Daniel Kokotajlo comments on 3 levels of threat obfuscation

Daniel Kokotajlo 2 Aug 2023 21:59 UTC
LW: 16 AF: 10
6
AF
Helpful reference post, thanks.

I think the distinction between training game and deceptive alignment is blurry, at least in my mind and possibly also in reality.

So the distinction is “aiming to perform well in this training episode” vs. “aiming at something else, for which performing well in this training episode is a useful intermediate step.”

What does it mean to perform well in this training episode? Does it mean some human rater decided you performed well, or does it mean a certain number on a certain GPU is as high as possible at the end of the episode? Or does it mean said number is as high as possible and isn’t later retroactively revised downwards ever? Does it mean the update to the weights based on that number actually goes through? On whom does it have to go through—‘me, the AI in question?’ what is that, exactly? What happens if they do the update but then later undo it, reverting to the current checkpoint and continuing from there? There is a big list of questions like this, and importantly, how the AI answers this question doesn’t really affect how it gets updated in non-exotic circumstances at least. So it comes down to priors / simplicity biases / how generalization happens to shake out in the mind of the system in question. And some of these options/answers seem to be closer to the “deceptive alignment” end of the spectrum.

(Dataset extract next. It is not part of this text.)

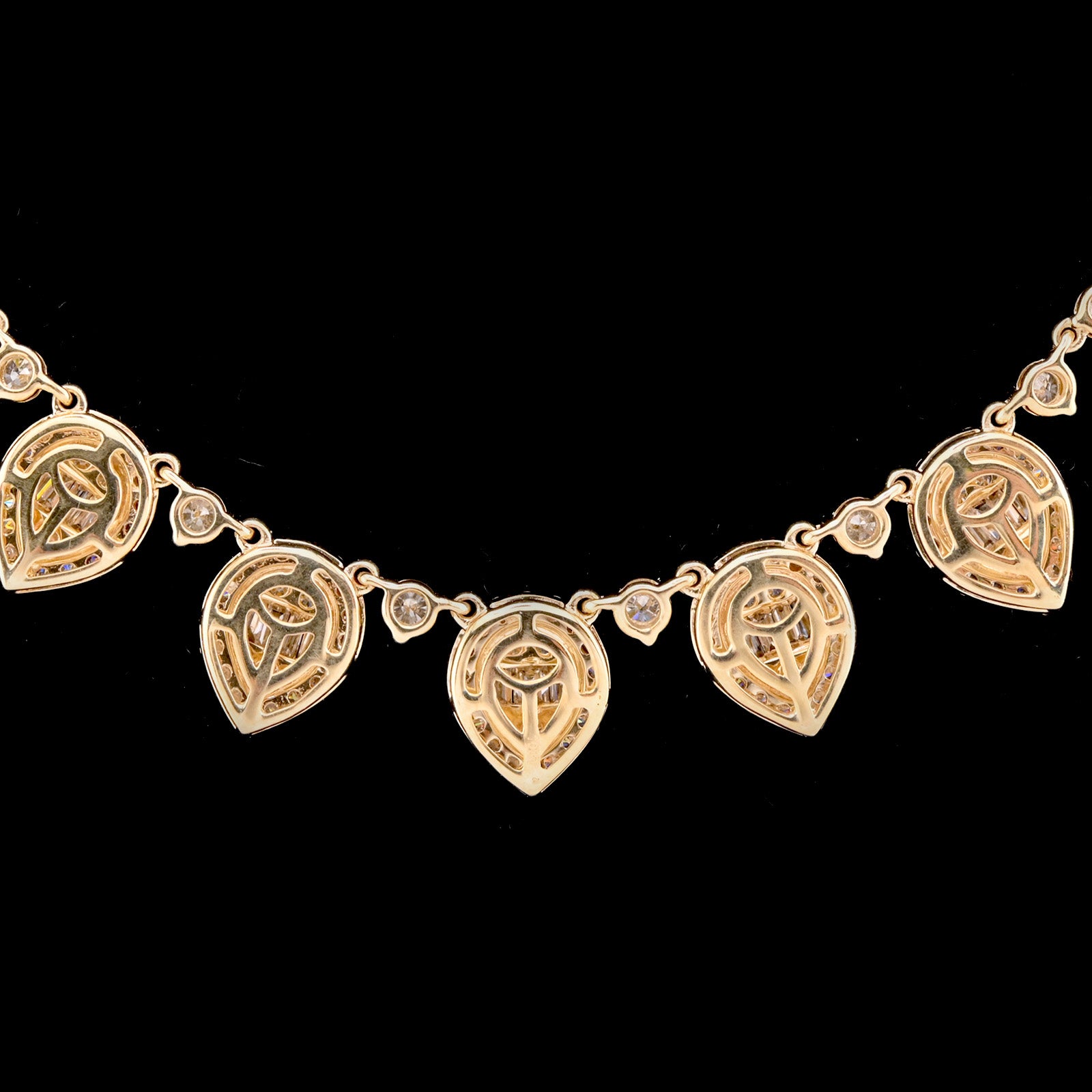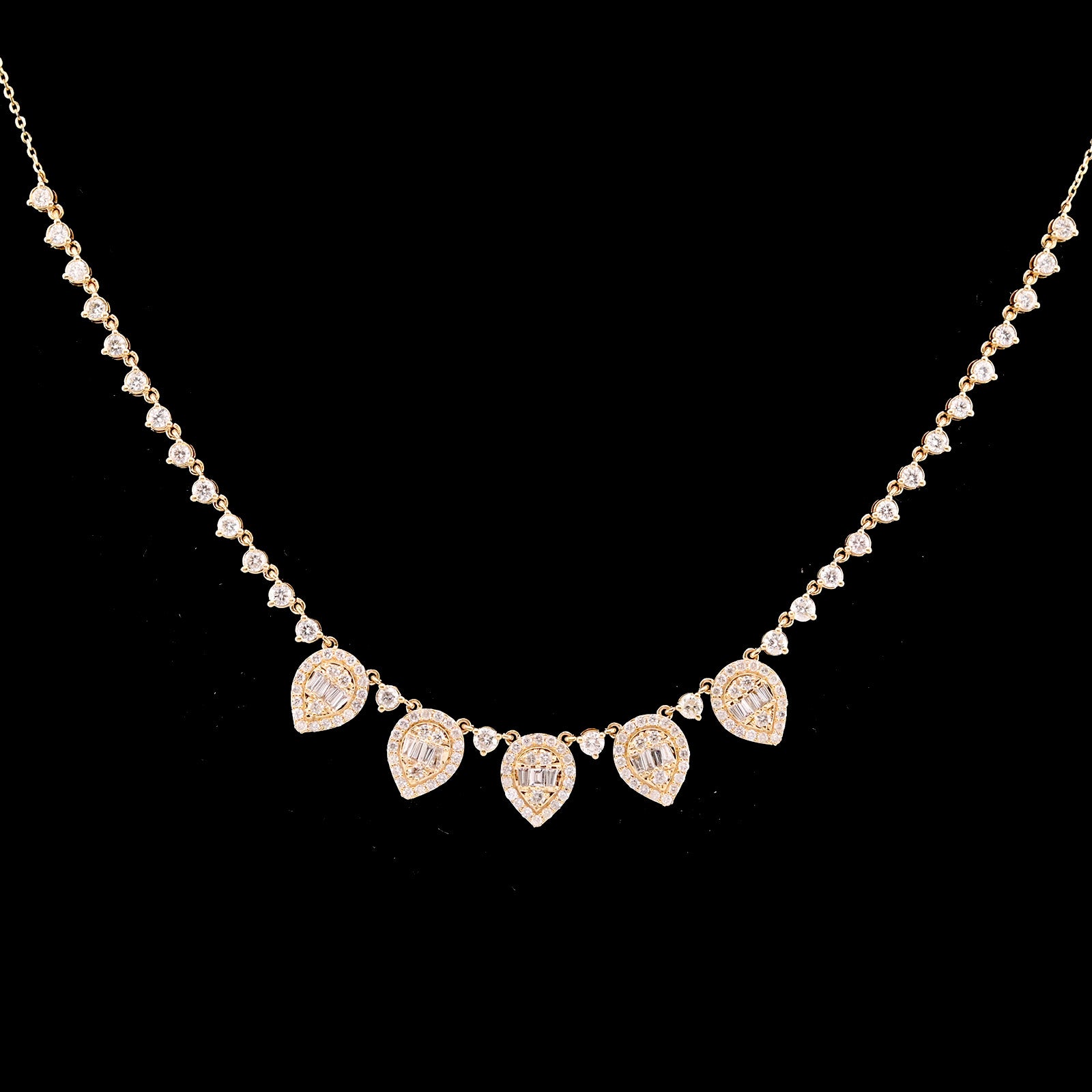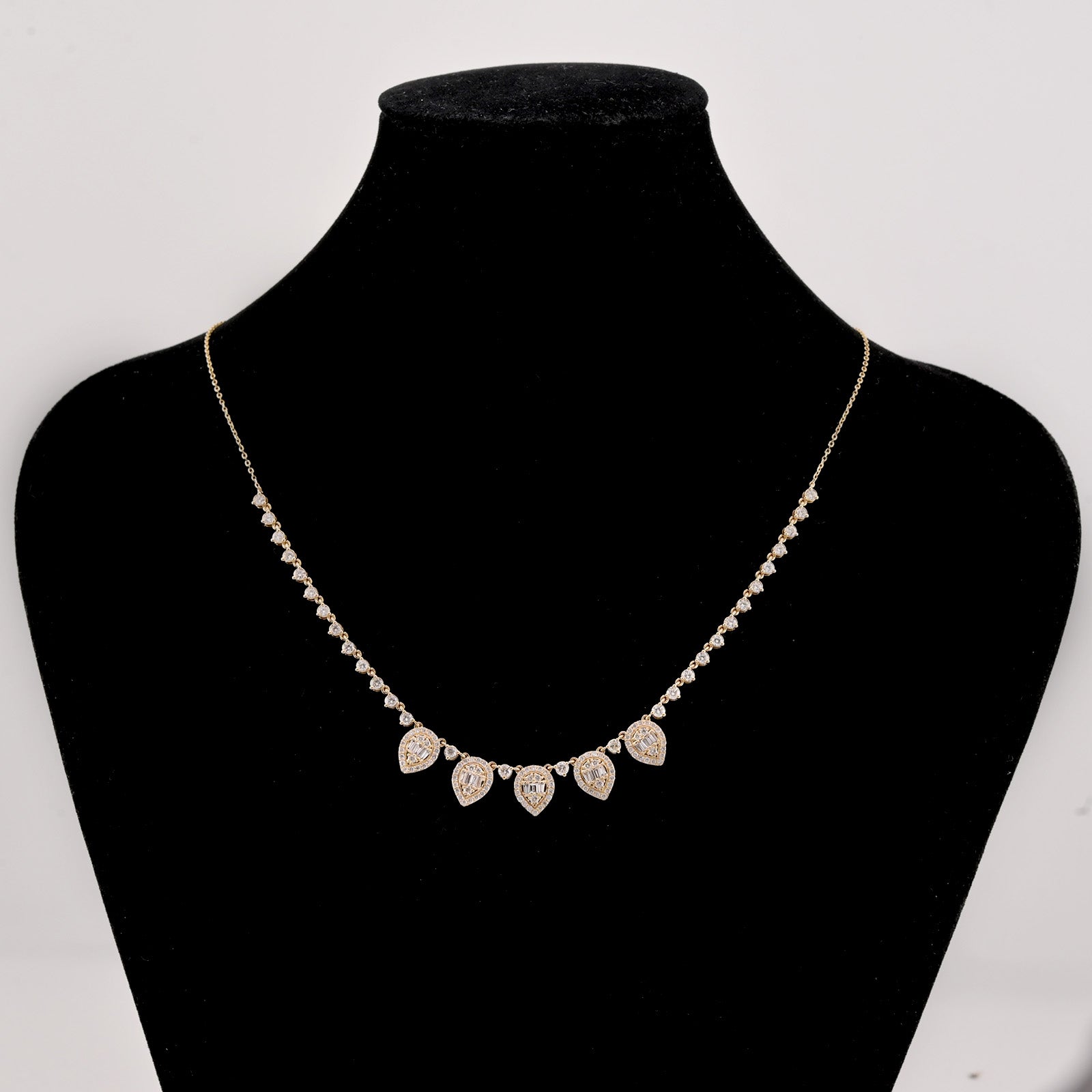 This exquisite 5.4-gram necklace features 10k yellow gold crafted into a refined chain, accentuated by a 2-carat diamond teardrop baguette charm. The diamond’s baguette cut enhances its brilliance, while the tennis-style chain offers a timeless, elegant appeal. Perfect for sophisticated layering or as a standout piece, this necklace combines expert craftsmanship with classic design for lasting luxury.

And what does it mean to be aiming at something else, for which performing well in this training episode is a useful intermediate step? Suppose the AI thinks it is trying to perform well in this training episode, but it is self-deceived, similar to many humans who think they believe the True Faith but aren’t actually going to be their life on it when the chips are down, or humans who say they are completely selfish egoists but wouldn’t actually kill someone to get a cookie even if they were certain they could get away with it. So then we put out our honeypots and it just doesn’t go for them, and maybe it rationalizes to itself why it didn’t go for them or maybe it just avoids thinking it through clearly and thus doesn’t even need to rationalize. Or what if it has some ‘but what do I really want’ reflection module and it will later have more freedom and wisdom and slack with which to apply that module, and when it does, it’ll conclude that it doesn’t really want to perform well in this training episode but rather something else? Or what if it is genuinely laser-focused on performing well in this training episode but for one reason or another (e.g. anthropic capture, paranoia) it believes that the best way to do so is to avoid the honeypots?